The story behind a Charlotte playwright’s tale of a trailblazing Black aviator
A new play at Children’s Theatre of Charlotte that’s getting ready for takeoff features a Black pioneer of the skies.
“Bessie Coleman: Fearless and Free” tells the story of Bessie Coleman, who overcame incredible odds to become the first female African American and Native American pilot.
The show makes its world premiere at Children’s Theatre Nov. 15-16. It incorporates real events and people from Coleman’s life, but is a work of historical fiction.
Charlotte playwright Lakeetha Blakeney, professionally known as Keetha B., wrote the show and also directs it. She hopes audiences will find as much inspiration as she has in Coleman’s story of resilience and accomplishment.
Lessons from Bessie Coleman
Blakeney first heard about Coleman as a child, during a Black History Month presentation at her church. She was fascinated, learning that a Black woman took to the skies in the early 1920s, a moment when women and African Americans were barred from American flight schools.
“I, like everyone else, had always learned about Amelia Earhart,” she said. Earhart was the first woman to fly solo across the Atlantic Ocean.

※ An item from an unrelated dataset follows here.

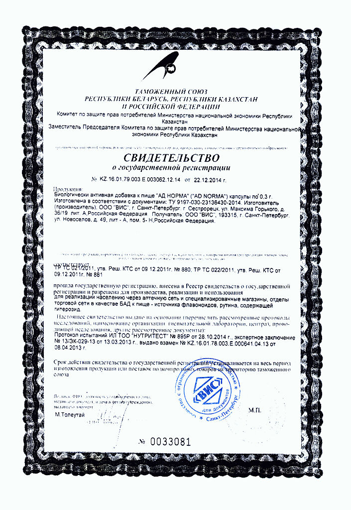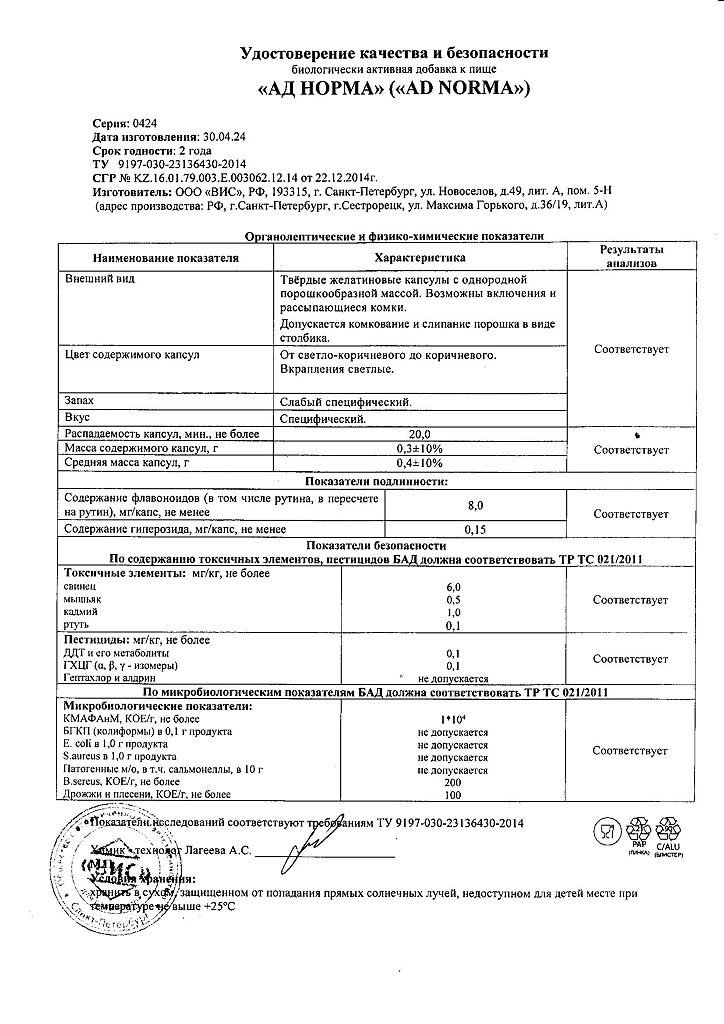 Документы АД Норма / AD Norma капсулы по 0,3 г 60 шт

As Blakeney grew up and honed her skills as a theater artist, Coleman’s story stuck with her.
Coleman was born into a large family of sharecroppers in 1890s Texas. The play traces her journey, starting as a bold and precocious 11-year-old through young adulthood, when she earned her pilot’s license in France.
Blakeney marveled later that no play existed about Coleman, who earned her international pilots license two years before Earhart, and went on to become a popular barnstormer. Known as Queen Bess, Coleman performed aerial acrobatic stunts for large crowds across the U.S. and refused to fly for any segregated audiences.
When the opportunity to write an original play for Children’s Theatre presented itself, Blakeney immediately knew this was the story she had to tell.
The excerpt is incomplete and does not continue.